{Numb, Comput}erphile - Mike Pound and Tom Crawford "What's The Best Hash Function to Use"

February 01, 2024

Can you do an iterated hash function which distributes the collisions in some optimal manner? It would be a kind of tree of hash tables with a possibly different hash function operating at each level. See FM-index and Wavelet Tree. It might be interesting to consider Boolean Expression Diagrams to compute hashes: see Steve Bagley and David Brailsford on Data Compression and Weird Stuff.

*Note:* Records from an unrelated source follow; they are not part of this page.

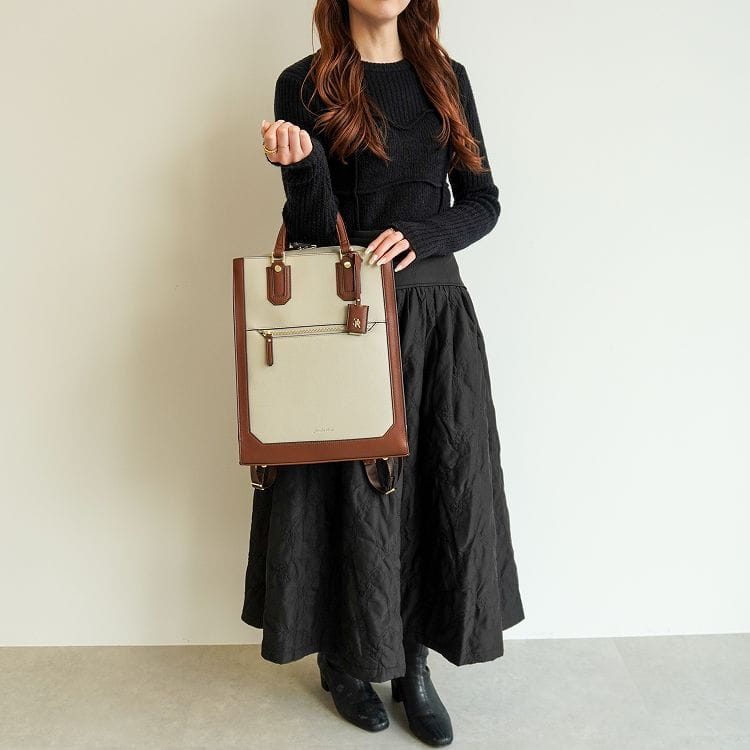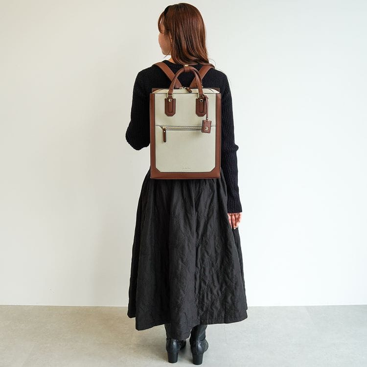 カジュアルダウンせず、きれいめコーデに合わせやすいリュックです。
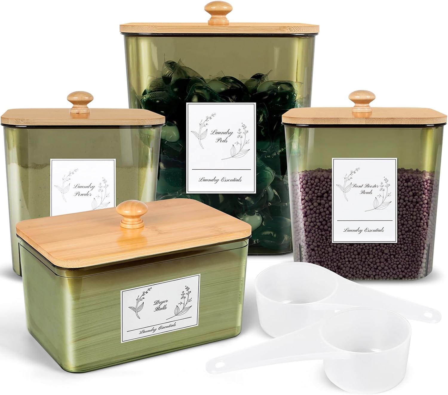 4 Pack Laundry Pods Container & Dryer Sheet Holder, Plastic Pod Holder with Lids & Scoops, Laundry Room Organization and Storage Sets for Powder, Detergent, Scent Booster
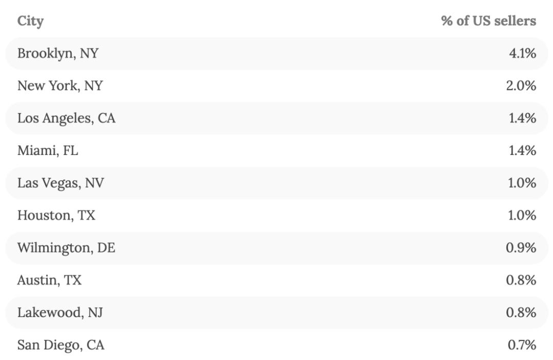 2022年,Marketplace Pulse报道的标题是《布鲁克林依旧是亚马逊卖家之都》。文章中提到,在美国活跃亚马逊卖家,布鲁克林占去了4%,卖家数量是纽约的两倍。而将聚光灯再集中一点,销售额达10万美元的美国亚马逊卖家有7万多家,10%都集中在布鲁克林、纽约、洛杉矶、迈阿密和拉斯维加斯。
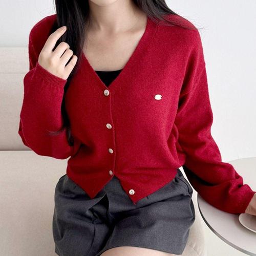 브이넥 칼라 기본 베이직 봄 긴팔 니트 가디건 WFLX6CC
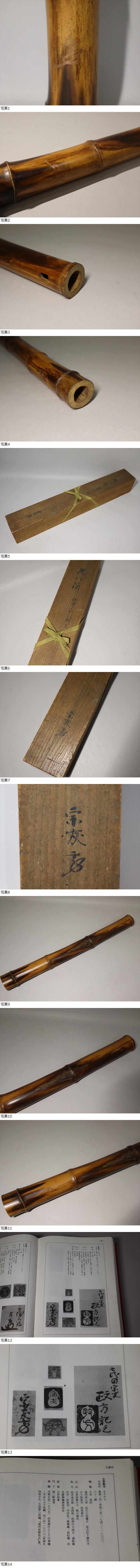 作品、箱書き本物保証。遠州流七代小堀宗友在判書付 自作尺八筒竹花入 伏見之竹以作之の名品です。誠に素晴らしい姿形です。状態良好です。貴重な作品で次第も見事であり、大切に伝来されたまさに作品です。

Abstractly, a hash function is a mapping f from a vector space V of bits onto a binary scalar {0.1} where f(v) = 0 means "The vecor v of bits is in the table" and f(v) = 1 means "The vector v is not in the table." Another way to think about this is that the hash function is a two-coloring of a graph which, for an n dimensional vector space is the set of vertices of an n dimensional (hyper) cube. Think of the coordinates of the vertices on n orthogonal axes: if it's a unit cube with one vertex at the origin then the vertices are each either at 0 or 1 on each of the n axes. Then you can think of the hash table as being a relation which is an adjacency matrix, which specifies exactly those vertices which have edges between them. This is a diagonally symmetric n by n matrix with one entry for each row and column, and that entry at i,j is 1 if the vertex number i is connected to the vertex number j and 0 otherwise. Then there are special colorings of the vertices of the graph called bipartite which are those colorings where every edge in the adjacency matrix connects two vertices which are different: one is in the hash and the other is not. In these cases I conjecture that the relation has a form which can be split into two functional relations: one which maps the vertices in the hash to the ones outside, and the other which maps the ones outside to the ones inside. See Galois connection. Now it may turn out that there's a theorem in combinatorics which says something about these bipartite graphs: that there is some way that they can be used to construct the dominating cycles that Sophie Maclean talked about in Numberphile - Sophie Maclean on the Catalan Numbers. To prove this you would need to define some (pair of) partial orderings on the sets of elements that are in the hash and those that are not. See my tweet about Eugenia Cheng's talk.